_Data for review_
*-*-*

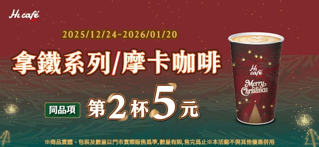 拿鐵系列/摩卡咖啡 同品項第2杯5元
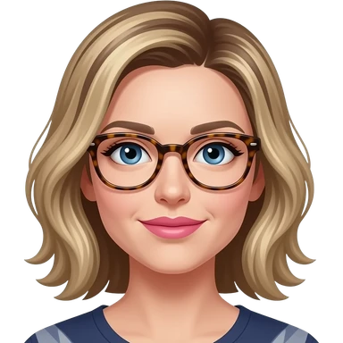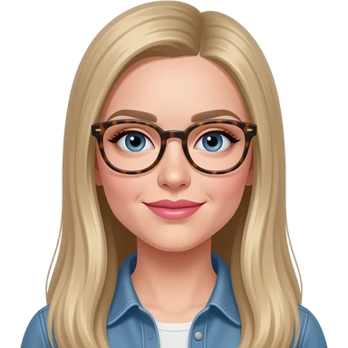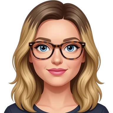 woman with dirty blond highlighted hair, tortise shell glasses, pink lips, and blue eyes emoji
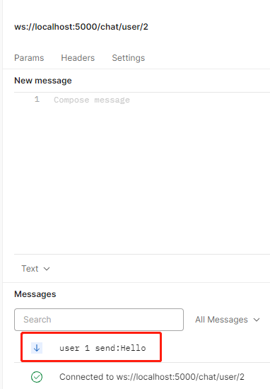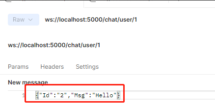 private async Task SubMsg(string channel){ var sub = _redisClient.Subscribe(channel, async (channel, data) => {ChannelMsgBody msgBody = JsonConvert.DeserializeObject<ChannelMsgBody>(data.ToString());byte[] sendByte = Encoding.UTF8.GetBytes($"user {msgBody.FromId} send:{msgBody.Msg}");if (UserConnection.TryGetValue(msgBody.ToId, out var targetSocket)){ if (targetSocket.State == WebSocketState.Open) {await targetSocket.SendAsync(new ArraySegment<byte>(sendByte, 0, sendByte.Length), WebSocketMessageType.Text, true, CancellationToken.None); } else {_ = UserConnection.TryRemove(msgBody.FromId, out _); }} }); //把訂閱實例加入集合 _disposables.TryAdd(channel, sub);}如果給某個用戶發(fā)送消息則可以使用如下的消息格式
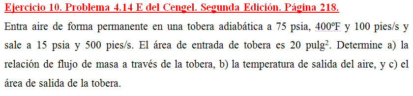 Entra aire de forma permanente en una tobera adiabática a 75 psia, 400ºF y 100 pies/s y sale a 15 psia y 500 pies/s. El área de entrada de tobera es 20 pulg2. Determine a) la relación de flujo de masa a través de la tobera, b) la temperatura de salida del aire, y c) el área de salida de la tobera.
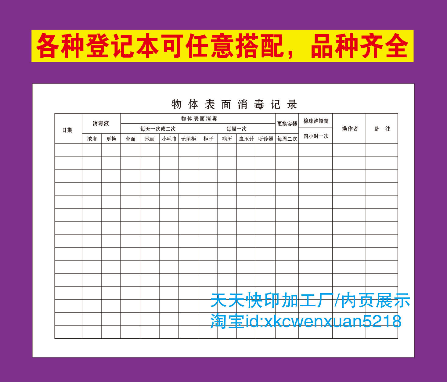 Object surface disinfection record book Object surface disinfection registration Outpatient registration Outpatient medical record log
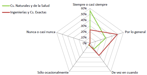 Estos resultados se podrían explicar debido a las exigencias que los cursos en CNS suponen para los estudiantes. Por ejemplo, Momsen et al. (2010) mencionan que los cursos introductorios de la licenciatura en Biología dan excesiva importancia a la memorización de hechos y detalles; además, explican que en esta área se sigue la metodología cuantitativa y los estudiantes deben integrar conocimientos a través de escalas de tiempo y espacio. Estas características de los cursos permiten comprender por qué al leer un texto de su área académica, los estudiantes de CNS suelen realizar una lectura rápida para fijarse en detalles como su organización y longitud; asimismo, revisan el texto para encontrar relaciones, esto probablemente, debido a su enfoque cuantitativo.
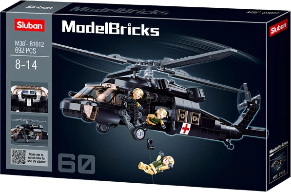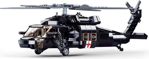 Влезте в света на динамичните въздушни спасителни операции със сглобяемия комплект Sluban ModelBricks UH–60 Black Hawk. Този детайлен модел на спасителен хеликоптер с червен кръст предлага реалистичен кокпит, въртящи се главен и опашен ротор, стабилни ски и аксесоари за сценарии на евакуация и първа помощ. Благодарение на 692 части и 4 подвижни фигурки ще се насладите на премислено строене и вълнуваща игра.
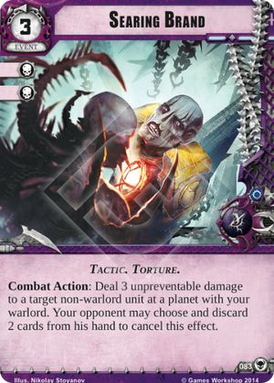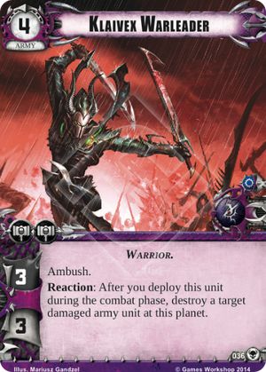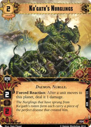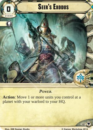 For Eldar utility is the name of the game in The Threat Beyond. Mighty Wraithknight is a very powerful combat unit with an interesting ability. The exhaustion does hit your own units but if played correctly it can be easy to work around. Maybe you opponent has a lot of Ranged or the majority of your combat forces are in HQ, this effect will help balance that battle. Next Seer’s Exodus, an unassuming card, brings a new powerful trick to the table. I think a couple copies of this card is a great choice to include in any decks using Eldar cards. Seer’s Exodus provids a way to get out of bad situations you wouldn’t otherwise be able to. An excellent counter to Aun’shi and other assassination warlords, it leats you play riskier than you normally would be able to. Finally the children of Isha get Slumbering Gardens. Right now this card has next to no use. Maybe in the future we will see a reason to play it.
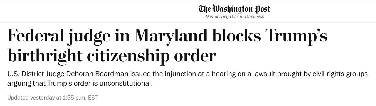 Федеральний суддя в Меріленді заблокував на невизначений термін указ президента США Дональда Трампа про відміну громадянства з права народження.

*-*-*

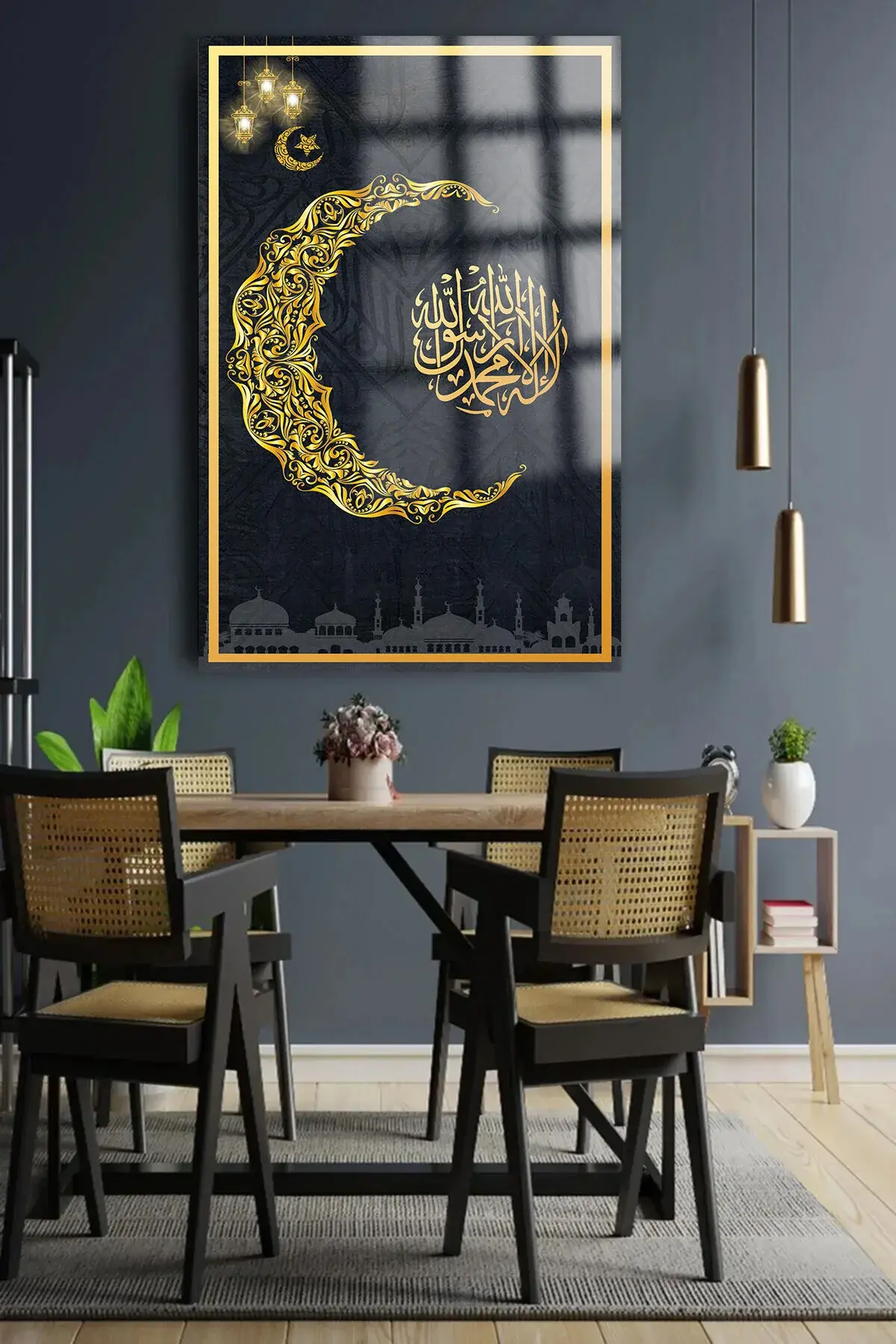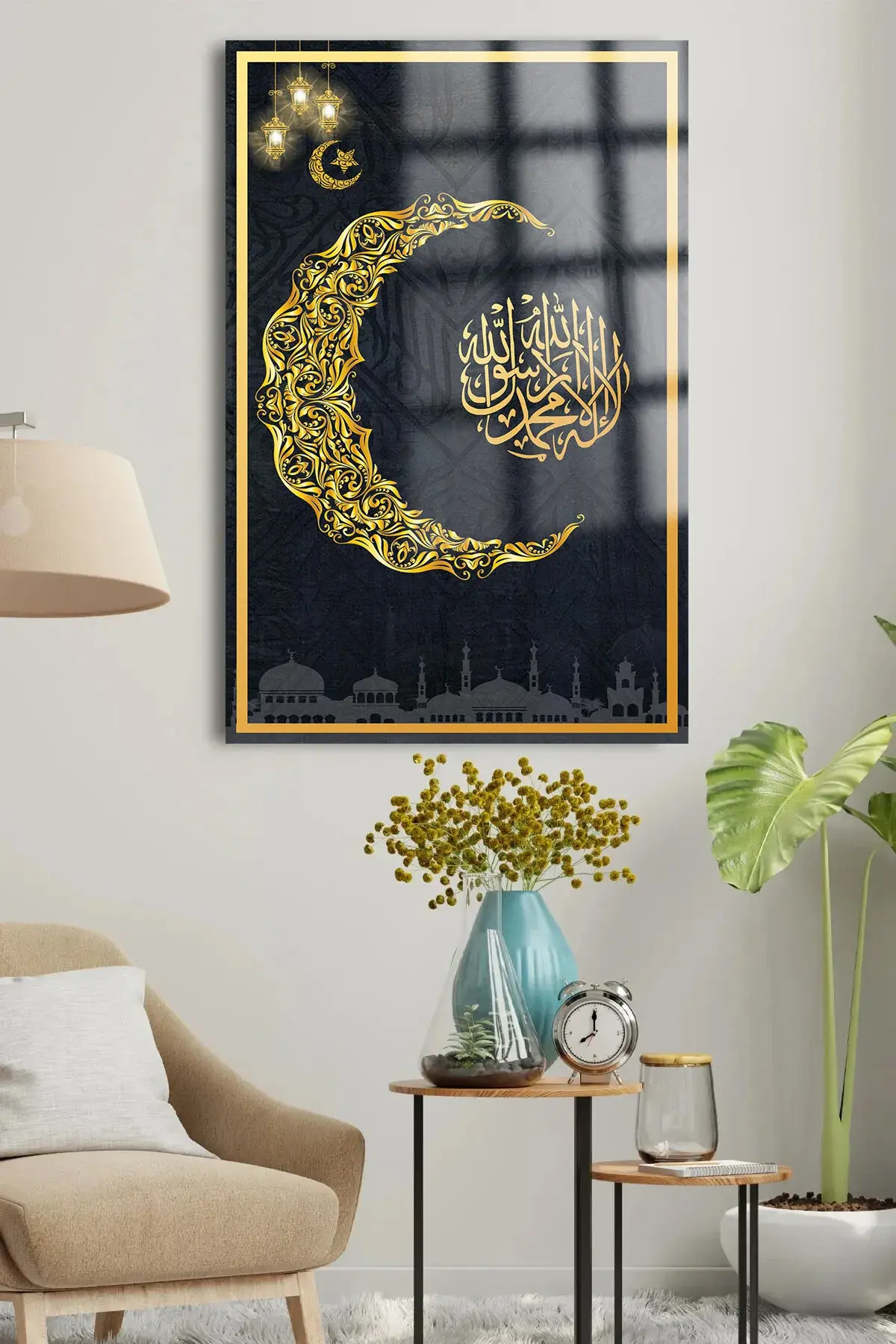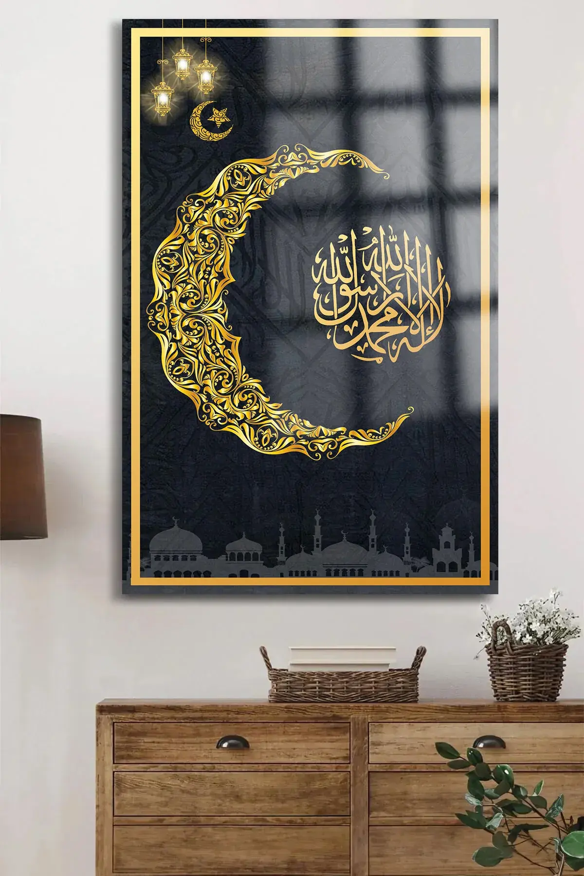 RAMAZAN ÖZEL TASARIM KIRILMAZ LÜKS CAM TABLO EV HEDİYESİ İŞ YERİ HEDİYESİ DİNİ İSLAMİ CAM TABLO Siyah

*-*-*

_Exercise requirements_
Look above for the line with "拿鐵系列/摩卡咖啡 同品項第2杯5元" and the line with "woman with dirty". Output those two and everything between them exactly, pictures excluded.

_The answer_
 拿鐵系列/摩卡咖啡 同品項第2杯5元
 woman with dirty blond highlighted hair, tortise shell glasses, pink lips, and blue eyes emoji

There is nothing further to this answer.